Increasingly, in all creative fields a new, pointed question has replaced old critiques of graphics or gameplay: “Was any part of this made with AI?”
In the gaming industry particularly, a quick glance at Steam forums, Reddit threads, or X comments reveals a passionate, highly vigilant consumer base. They are actively hunting for the telltale signs of Generative AI: the shimmering textures, the slightly off dialogue, the generic art styles. The sentiment is often clear: if AI touched the final product, the product is somehow tainted.
This intense scrutiny creates a massive dilemma for studios and creators striving for innovation and efficiency. Where is the line between using a powerful new tool and compromising the integrity of the craft? What should be the norm of the creation for future games?
The "Expedition 33" Effect
The recent situation surrounding Starfal Interactive’s Expedition 33 highlights the severity of this environment. For an example, you can read IGN’s article here. According to reports, the studio used GenAI for a minor element of textures during development. Something so small, it was quickly patched out shortly after launch.
Yet, the damage was done. Despite the vast majority of the game being painstakingly handcrafted, the mere presence of that AI utilisation rendered the game ineligible for certain awards.
This reaction seems disproportionate to the crime. But it signals a deeper anxiety among audiences: the fear that human creativity is being swapped for cheap, automated output.
Defining Appropriate Use: The Scaffolding, Not the Building
For organisations navigating this minefield, the key, and this is a core of AI Governance, is defining where AI usage sits in the production pipeline.
Appropriate Use: The Accelerator Generative AI is unprecedented as an efficiency tool for the invisible parts of creation. If we view a creative product like a house, AI is excellent for drafting the blueprints, calculating load-bearing walls, and laying the plumbing.
- In Gaming: Using code assistants (like Copilot) to write boilerplate mechanics, generating placeholder assets for rapid prototyping, or automating tedious QA testing processes.
- In Writing: Using AI to brainstorm alternative headlines, summarise background research, or checking for consistency.
These uses speed up production without replacing the human vision. They remove drudgery so creators have more time for actual creativity.

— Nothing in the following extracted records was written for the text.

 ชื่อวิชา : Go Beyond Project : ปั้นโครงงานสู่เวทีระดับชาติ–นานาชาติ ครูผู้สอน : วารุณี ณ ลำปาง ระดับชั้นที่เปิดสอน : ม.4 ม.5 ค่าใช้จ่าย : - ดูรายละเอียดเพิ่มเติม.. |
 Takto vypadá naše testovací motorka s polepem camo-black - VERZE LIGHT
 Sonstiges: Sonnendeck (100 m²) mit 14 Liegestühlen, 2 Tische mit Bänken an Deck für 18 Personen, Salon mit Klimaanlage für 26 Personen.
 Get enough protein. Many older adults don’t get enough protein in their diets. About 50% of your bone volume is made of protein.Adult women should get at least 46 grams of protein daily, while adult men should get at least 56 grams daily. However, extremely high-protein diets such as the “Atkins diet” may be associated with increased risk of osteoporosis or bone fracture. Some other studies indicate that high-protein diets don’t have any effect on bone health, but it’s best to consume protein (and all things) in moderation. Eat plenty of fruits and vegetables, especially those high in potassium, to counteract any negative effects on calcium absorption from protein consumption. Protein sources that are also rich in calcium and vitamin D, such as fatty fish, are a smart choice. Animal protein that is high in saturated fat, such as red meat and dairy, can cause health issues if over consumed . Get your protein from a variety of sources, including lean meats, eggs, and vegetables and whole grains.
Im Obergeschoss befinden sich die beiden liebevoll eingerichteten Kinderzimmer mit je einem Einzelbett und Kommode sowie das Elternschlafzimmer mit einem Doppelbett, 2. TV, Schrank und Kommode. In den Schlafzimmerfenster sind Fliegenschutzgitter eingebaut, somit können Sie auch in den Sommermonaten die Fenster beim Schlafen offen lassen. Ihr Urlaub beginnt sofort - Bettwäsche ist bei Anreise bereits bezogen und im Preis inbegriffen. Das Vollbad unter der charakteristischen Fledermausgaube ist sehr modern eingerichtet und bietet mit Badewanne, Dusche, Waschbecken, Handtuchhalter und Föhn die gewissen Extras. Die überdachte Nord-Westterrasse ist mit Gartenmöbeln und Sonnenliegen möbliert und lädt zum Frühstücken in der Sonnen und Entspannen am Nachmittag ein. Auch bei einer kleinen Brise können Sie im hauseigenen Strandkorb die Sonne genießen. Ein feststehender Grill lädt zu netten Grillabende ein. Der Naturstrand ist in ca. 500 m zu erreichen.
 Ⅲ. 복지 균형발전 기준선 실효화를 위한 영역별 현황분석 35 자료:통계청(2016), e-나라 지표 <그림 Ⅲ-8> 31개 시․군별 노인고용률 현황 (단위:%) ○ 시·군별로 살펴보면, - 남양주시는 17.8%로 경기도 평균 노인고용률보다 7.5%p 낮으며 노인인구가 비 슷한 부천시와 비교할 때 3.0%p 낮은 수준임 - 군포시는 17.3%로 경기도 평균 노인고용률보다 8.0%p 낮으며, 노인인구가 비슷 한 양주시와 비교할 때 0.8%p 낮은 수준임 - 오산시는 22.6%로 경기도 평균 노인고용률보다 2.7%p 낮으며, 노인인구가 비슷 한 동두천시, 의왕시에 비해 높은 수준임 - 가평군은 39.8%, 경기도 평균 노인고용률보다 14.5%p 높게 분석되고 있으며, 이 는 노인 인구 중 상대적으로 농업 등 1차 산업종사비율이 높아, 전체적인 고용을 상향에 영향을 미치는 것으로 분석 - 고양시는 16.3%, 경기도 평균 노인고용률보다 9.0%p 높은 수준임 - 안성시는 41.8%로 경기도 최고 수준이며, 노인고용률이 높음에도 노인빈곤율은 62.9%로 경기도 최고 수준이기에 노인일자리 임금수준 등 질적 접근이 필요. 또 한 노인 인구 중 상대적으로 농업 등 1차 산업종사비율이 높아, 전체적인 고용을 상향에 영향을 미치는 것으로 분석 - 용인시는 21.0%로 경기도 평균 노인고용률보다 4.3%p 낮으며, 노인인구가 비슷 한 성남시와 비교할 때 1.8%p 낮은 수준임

Inappropriate (or Risky) Use: The Final Facade The backlash occurs when AI is used for the “soul” of the product, the parts the audience connects with emotionally. The Red Line: Generating final 2D/3D art assets, composing the main musical theme, or writing key character dialogue with AI and presenting it as a finished product.
When audiences feel they are engaging with a machine’s output rather than a human’s intent, the sense of authenticity vanishes.
When Is an Idea Still Yours?
This leads to one of the hardest questions in AI Literacy: At what point does AI involvement dilute human ownership?
If a concept artist uses Midjourney to generate 50 variations of armour, picks three, mashes them together in Photoshop, and repaints over them for 20 hours, is that art “theirs”? Most would say yes. The AI was a specialised paintbrush.
But if a developer types “fantasy landscape” into a generator and drops the raw output into their game’s background, ownership is murky.
The distinction lies in the Human-in-the-Loop ratio. Is the human directing the AI, refining its output, and applying their unique taste and judgment? Or is the human merely curating the machine’s average output?
The Need for Transparent Governance
The Expedition 33 example proves that silence is not a strategy. Audiences will find out, and they will assume the worst.
Studios and creative companies must move beyond vague statements and establish clear AI Governance policies. You need to decide internally what is acceptable and, crucially, be transparent with your audience about it.
If you use AI for coding assistance but hand-paint every texture, say that. If you use AI for brainstorming narrative arcs but human writers’ script every line of dialogue, say that.
In the current climate, trust is the most valuable currency. The only way to maintain it isn’t to ban AI entirely, but to prove that the human creator is still firmly in the driver’s seat.